TASK TO COMPLETE — Write out the whole listing below exactly, skipping each picture.

PROVIDED DATA —

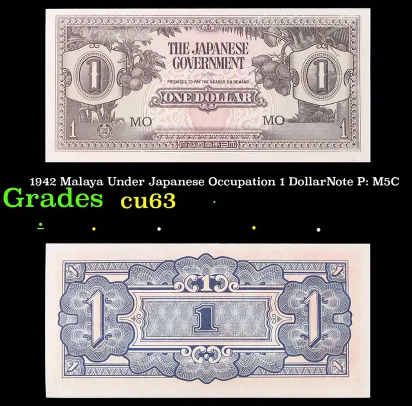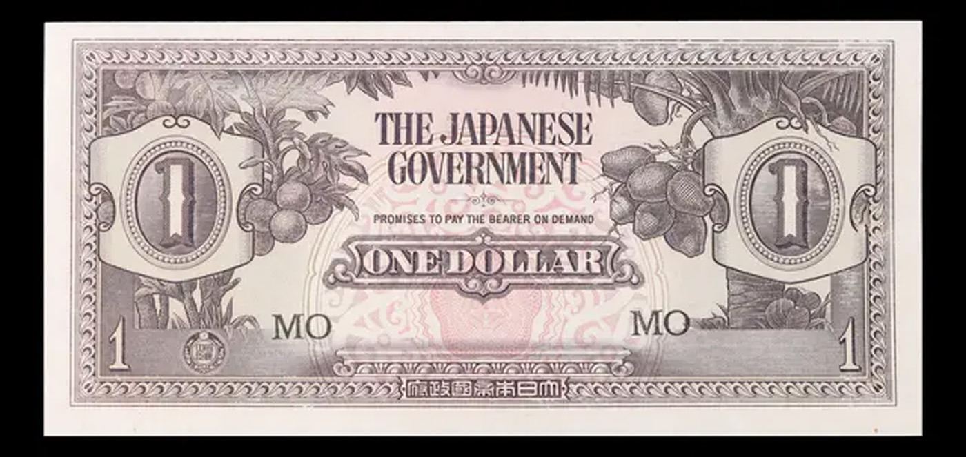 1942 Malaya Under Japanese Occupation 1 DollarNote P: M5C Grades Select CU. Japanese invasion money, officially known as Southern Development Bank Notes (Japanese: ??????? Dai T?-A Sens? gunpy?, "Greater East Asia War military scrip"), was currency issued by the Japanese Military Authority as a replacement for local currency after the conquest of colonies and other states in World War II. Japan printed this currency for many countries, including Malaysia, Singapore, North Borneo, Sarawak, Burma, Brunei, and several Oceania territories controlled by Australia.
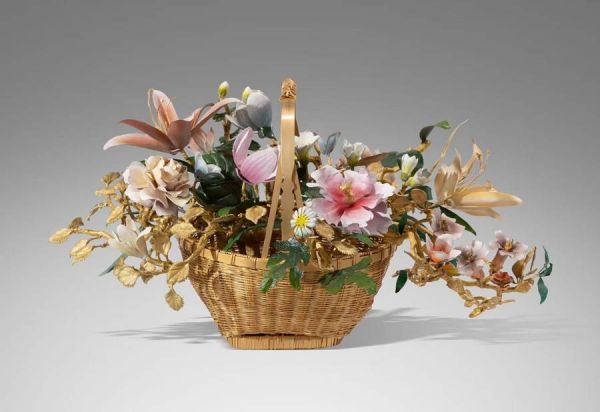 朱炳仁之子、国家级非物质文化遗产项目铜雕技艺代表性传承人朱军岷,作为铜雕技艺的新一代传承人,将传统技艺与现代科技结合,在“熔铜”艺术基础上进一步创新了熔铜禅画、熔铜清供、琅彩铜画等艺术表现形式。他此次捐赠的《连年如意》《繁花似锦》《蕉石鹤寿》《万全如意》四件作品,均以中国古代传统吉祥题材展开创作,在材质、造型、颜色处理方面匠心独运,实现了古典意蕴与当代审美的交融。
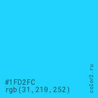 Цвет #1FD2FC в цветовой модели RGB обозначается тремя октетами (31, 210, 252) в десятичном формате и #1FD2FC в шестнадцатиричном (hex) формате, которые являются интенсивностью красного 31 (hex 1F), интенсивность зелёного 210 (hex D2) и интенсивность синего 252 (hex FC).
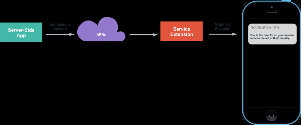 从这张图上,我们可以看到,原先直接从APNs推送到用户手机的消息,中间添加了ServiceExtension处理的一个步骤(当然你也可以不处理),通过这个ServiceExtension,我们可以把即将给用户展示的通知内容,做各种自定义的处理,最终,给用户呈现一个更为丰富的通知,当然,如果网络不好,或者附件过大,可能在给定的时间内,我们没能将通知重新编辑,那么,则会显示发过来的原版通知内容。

SOLUTION TO THE PROBLEM —
 1942 Malaya Under Japanese Occupation 1 DollarNote P: M5C Grades Select CU. Japanese invasion money, officially known as Southern Development Bank Notes (Japanese: ??????? Dai T?-A Sens? gunpy?, "Greater East Asia War military scrip"), was currency issued by the Japanese Military Authority as a replacement for local currency after the conquest of colonies and other states in World War II. Japan printed this currency for many countries, including Malaysia, Singapore, North Borneo, Sarawak, Burma, Brunei, and several Oceania territories controlled by Australia.
 朱炳仁之子、国家级非物质文化遗产项目铜雕技艺代表性传承人朱军岷,作为铜雕技艺的新一代传承人,将传统技艺与现代科技结合,在“熔铜”艺术基础上进一步创新了熔铜禅画、熔铜清供、琅彩铜画等艺术表现形式。他此次捐赠的《连年如意》《繁花似锦》《蕉石鹤寿》《万全如意》四件作品,均以中国古代传统吉祥题材展开创作,在材质、造型、颜色处理方面匠心独运,实现了古典意蕴与当代审美的交融。
 Цвет #1FD2FC в цветовой модели RGB обозначается тремя октетами (31, 210, 252) в десятичном формате и #1FD2FC в шестнадцатиричном (hex) формате, которые являются интенсивностью красного 31 (hex 1F), интенсивность зелёного 210 (hex D2) и интенсивность синего 252 (hex FC).
 从这张图上,我们可以看到,原先直接从APNs推送到用户手机的消息,中间添加了ServiceExtension处理的一个步骤(当然你也可以不处理),通过这个ServiceExtension,我们可以把即将给用户展示的通知内容,做各种自定义的处理,最终,给用户呈现一个更为丰富的通知,当然,如果网络不好,或者附件过大,可能在给定的时间内,我们没能将通知重新编辑,那么,则会显示发过来的原版通知内容。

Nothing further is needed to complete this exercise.